Keyword Planner not accurate? And Further Adwords Tests

10 replies
  • PPC/SEM
  • |
Howdy!

I just set up a test campaign with Adwords.
I haven't got any traffic yet but I have concern regarding the Suggested Bid from Keyword planner which is low comparing with what the Adwords Campaign is suggesting.

This is for a spanish campaign in Google Mexico.

In Keyword Planner, the keyword has low competition, high traffic (22k a month) and a suggested bid of $0.08.

But once I put this keyword in the campaign it tells me that the suggested bid is $1? If I add the $1 as my suggested bid it tells me that I may get 1 click a day for $0.48 - $0.64.

My campaign is for the Search Network only.

Something here does not make sense, or there is something I don't understand!

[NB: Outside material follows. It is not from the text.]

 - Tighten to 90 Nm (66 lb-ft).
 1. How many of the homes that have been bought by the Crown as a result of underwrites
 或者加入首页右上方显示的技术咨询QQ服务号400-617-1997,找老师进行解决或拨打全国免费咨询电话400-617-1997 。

Can someone here shed some light into this? what variables I'm not seeing?
#accurate #keyword #planner
  • Profile picture of the author edumira
    Alright I have just run this for a day with no bad results at all except on sales. Seems that CB product does not sell very well.

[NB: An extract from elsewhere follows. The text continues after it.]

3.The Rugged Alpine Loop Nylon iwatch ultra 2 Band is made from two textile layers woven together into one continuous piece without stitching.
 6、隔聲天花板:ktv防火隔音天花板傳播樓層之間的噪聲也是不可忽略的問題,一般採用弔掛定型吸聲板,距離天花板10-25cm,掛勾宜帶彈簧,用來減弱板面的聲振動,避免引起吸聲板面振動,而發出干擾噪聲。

    Anyway this is what I'm getting with the adwords campaign:
    Clicks: 151
    Impr: 943
    CTR: 16.01%
    Avg. CPC: €0.11
    Cost: €16.97
    Avg. Pos: 1.8

    -----
    Prosper202 has different results:
    Clicks: 68
    Click Throughs: 48
    LP CTR: 64.71% (not bad I'd say?)

    -----

    Now the trouble bit:
    ClickBank analytics:
    Sales: ZERO.
    Hops: 109
    Order Form Impr: 11

    -----

    My Notes:
    Seems that while the campaign is doing well, the LP is working well, etc the Offer is not converting.
    Also I can see massive differences between what I get from Adwords, Prosper202 and Clickbank.

    -----

    My questions to the community..

    What would you do? Ditch this? or wait a couple of days to see how it fares? I may get some sales yet. The pay out for the offer is $27 and so far I have spent in adwords $19.22 (€17).

    Any ideas? I'm pretty new to adwords and this is a trial. So any insights would be welcome!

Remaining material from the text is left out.